Dickey pointed out that the 28:1 ratio was observed because "subject 7 required 170 hours to program the ‘algebra’ program in a batch environment, in machine language (while) subject 3 required 6 hours to program the same problem in JTS (ALGOL) in a time-shared environment."
Sackman shouldn’t have directly compared the best and worst performances in the entire set, argued Dickey, but rather the best and worst among programmers placed by the experimental setup under comparable conditions.
Dickey concludes: "After accounting for the differences in the classes, only a range of 5:1 can be attributed to programmer variability."
There's a Better Question to Ask
Bossavit argues that the studies cited in support of the 10x claim are poorly done, with no replication of any result — an important part of any scientific claim.

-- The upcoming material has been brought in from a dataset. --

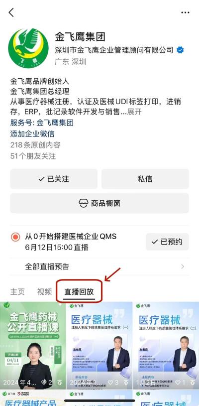 往期直播培訓(xùn)課程支持回放,關(guān)注“金飛鷹藥械咨詢服務(wù)”視頻號(hào)并點(diǎn)擊視頻號(hào)主頁(yè),即可查看“直播回放”哦~

Part of what makes the studies poor is inconsistency. Just as it’s hard to tell what we mean by "better," there is no clear way to measure programming "productivity." Lines of code? Should it be more lines, or fewer lines that achieve the same objective? Or maybe more correct lines of code? Less time to completion? Less time to debug? He ends his discussion of the 10x claim with this statement:
The 10x claim is "not even wrong", and the question of "how variable is individual programmer productivity" should be dissolved rather than answered.

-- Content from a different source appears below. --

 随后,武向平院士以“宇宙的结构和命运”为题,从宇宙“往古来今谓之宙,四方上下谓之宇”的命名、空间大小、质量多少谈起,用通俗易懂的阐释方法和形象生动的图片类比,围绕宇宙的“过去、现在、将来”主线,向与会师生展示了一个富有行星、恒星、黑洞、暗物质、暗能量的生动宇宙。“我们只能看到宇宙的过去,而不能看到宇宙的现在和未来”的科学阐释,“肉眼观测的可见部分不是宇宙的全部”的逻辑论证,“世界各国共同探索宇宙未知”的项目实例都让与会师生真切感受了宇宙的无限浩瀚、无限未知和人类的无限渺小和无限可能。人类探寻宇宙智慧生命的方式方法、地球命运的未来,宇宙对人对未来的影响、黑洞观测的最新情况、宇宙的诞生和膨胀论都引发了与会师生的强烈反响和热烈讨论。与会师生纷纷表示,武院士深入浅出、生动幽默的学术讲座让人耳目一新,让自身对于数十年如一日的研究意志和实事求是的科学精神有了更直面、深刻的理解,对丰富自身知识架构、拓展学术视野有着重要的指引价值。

I agree with his recommendation, but for a different reason.
None of the cited studies controlled for expertise or training. In other words, they might be comparing people with decades of experience to those newly hired. Even those studies that occur in classroom settings do not account for time spent developing expertise in computing outside the classroom (which we know from decades of studies can be sizable — see discussion here).
While there is little sound empirical evidence arguing for the 10x difference, I am not worried that there might be a magnitude of difference between the best and worst programmers. It’s simply the wrong question to ask. The important questions are: How did the best programmers get so good? Can we replicate the process?
In any field, there is a difference between the best and worst practitioners. There is no reason to believe that the differences are somehow "innate," that there are people who are born programmers. (I have made this argument before.) There is every reason to believe that we can design educational opportunities to develop the best programmers! Few of the "best" programmers today got there through intentional educational interventions. Computing educators aim to understand how the "best" got there, and how to provide educational opportunities to get there. Education is a design problem. Computing education is still quite new, and we have a long way to go to catch up. We are just starting to learn how to teach computing and programming better.
From Joel Spolsky’s and Alan Eustace’s perspective, I understand why they want to hire the very best programmers available. But from our perspective as computing educators, that’s the wrong direction. Rather than filter for just the best and send them off to industry, we need to figure out how to help students become the best.